Sy-FAR: Symmetry-based Fair Adversarial Robustness

Security-critical machine-learning (ML) systems, such as face-recognition systems, are susceptible to adversarial examples, including real-world physically realizable attacks. Various means to boost ML's adversarial robustness have been proposed; however, they typically induce unfair robustness: It is often easier to attack from certain classes or groups than from others. Several techniques have been developed to improve adversarial robustness while seeking perfect fairness between classes. Yet, prior work has focused on settings where security and fairness are less critical. Our insight is that achieving perfect parity in realistic fairness-critical tasks, such as face recognition, is often infeasible -- some classes may be highly similar, leading to more misclassifications between them. Instead, we suggest that seeking symmetry -- i.e., attacks from class $i$ to $j$ would be as successful as from $j$ to $i$ -- is more tractable. Intuitively, symmetry is a desirable because class resemblance is a symmetric relation in most domains. Additionally, as we prove theoretically, symmetry between individuals induces symmetry between any set of sub-groups, in contrast to other fairness notions where group-fairness is often elusive. We develop Sy-FAR, a technique to encourage symmetry while also optimizing adversarial robustness and extensively evaluate it using five datasets, with three model architectures, including against targeted and untargeted realistic attacks. The results show Sy-FAR significantly improves fair adversarial robustness compared to state-of-the-art methods. Moreover, we find that Sy-FAR is faster and more consistent across runs. Notably, Sy-FAR also ameliorates another type of unfairness we discover in this work -- target classes that adversarial examples are likely to be classified into become significantly less vulnerable after inducing symmetry.
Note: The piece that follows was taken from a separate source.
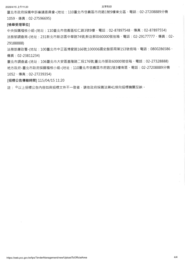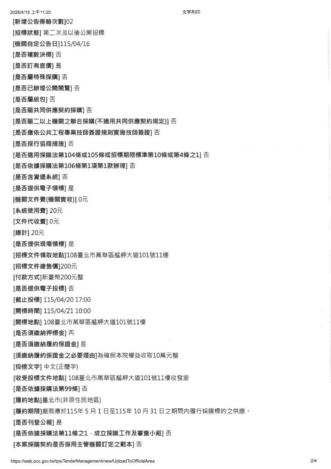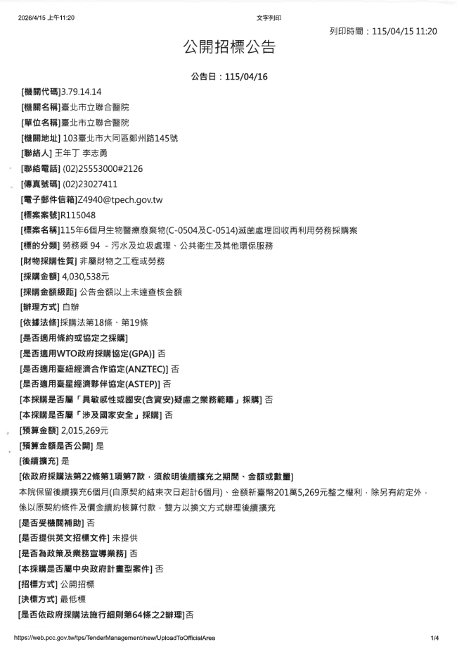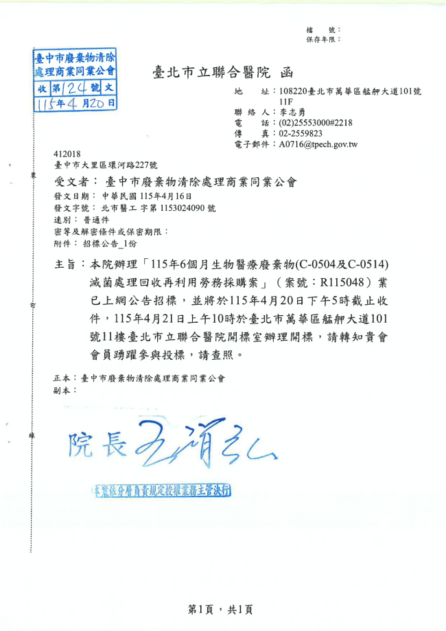 關於函轉臺北市立聯合醫院 主旨:本院辦理「115年6個月生物醫療廢棄物(C-0504及C-0514)滅菌處理回收再利用勞務採購案」(案號:R115048)業已上網公告招標,並將於115年4月20日下午5時截止收件,115年4月21日上午10時於臺北市萬華區艋舺大道101號11樓臺北市立聯合醫院開標室辦理開標,請轉知貴會會員踴躍參與投標,請查照。

翻译：安全攸关的机器学习系统（如人脸识别系统）易受对抗样本攻击，包括现实世界中可物理实现的攻击。已有多种方法被提出以增强机器学习的对抗鲁棒性；然而，这些方法通常会导致不公平的鲁棒性：攻击某些类别或群体往往比其他类别更容易。目前已有若干技术在寻求类别间完全公平的同时提升对抗鲁棒性。然而，先前工作主要关注安全性和公平性要求较低的场景。我们的核心见解是，在现实公平性关键任务（如人脸识别）中实现完全均等往往不可行——某些类别可能高度相似，导致其间更易发生误分类。相反，我们提出寻求对称性——即从类别$i$到$j$的攻击成功率应与从$j$到$i$的攻击成功率相当——是更可行的路径。直观而言，对称性是理想特性，因为在大多数领域中类别相似性是对称关系。此外，正如我们在理论上证明的，个体间的对称性会诱导任意子集群体间的对称性，这与群体公平性通常难以实现的其他公平性概念形成对比。我们开发了Sy-FAR技术，在优化对抗鲁棒性的同时促进对称性，并使用五个数据集、三种模型架构（包括针对定向与非定向的现实攻击）进行了广泛评估。结果表明，与最先进方法相比，Sy-FAR显著提升了公平对抗鲁棒性。此外，我们发现Sy-FAR具有更快的训练速度和更高的运行一致性。值得注意的是，Sy-FAR还改善了我们在本工作中发现的另一种不公平性——在诱导对称性后，对抗样本易被误分类的目标类别其脆弱性显著降低。